**TASK BRIEF**
Please give back the listing below word for word and drop any images.

**GIVEN MATERIAL**
######

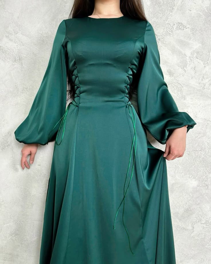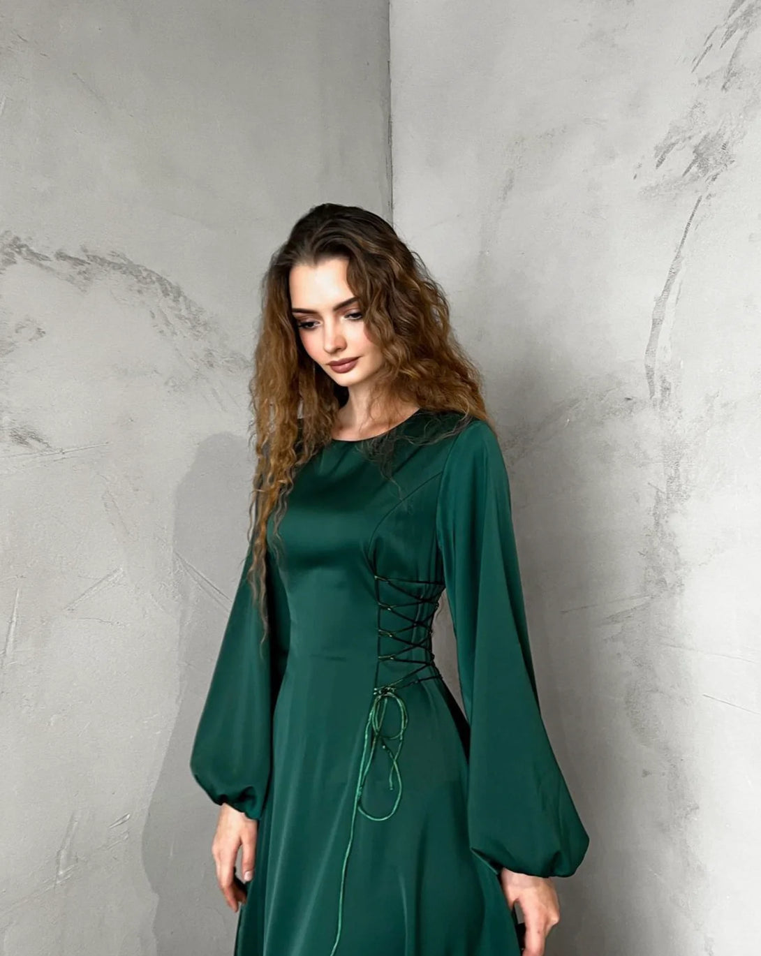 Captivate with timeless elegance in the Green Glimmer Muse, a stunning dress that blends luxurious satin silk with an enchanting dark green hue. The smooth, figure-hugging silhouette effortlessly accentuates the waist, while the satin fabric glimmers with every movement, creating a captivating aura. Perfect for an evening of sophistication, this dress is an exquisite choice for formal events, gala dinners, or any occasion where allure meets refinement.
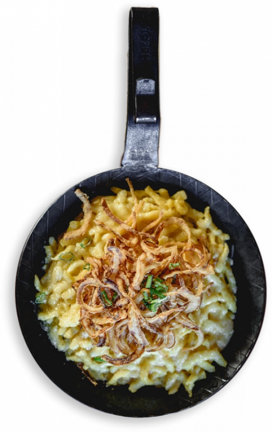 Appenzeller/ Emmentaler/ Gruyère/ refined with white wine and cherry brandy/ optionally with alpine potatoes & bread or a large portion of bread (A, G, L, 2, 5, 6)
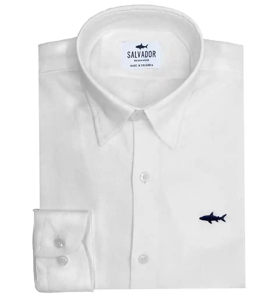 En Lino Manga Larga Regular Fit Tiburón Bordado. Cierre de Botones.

######

**ANSWER FOR THE TASK**
 Captivate with timeless elegance in the Green Glimmer Muse, a stunning dress that blends luxurious satin silk with an enchanting dark green hue. The smooth, figure-hugging silhouette effortlessly accentuates the waist, while the satin fabric glimmers with every movement, creating a captivating aura. Perfect for an evening of sophistication, this dress is an exquisite choice for formal events, gala dinners, or any occasion where allure meets refinement.
 Appenzeller/ Emmentaler/ Gruyère/ refined with white wine and cherry brandy/ optionally with alpine potatoes & bread or a large portion of bread (A, G, L, 2, 5, 6)
 En Lino Manga Larga Regular Fit Tiburón Bordado. Cierre de Botones.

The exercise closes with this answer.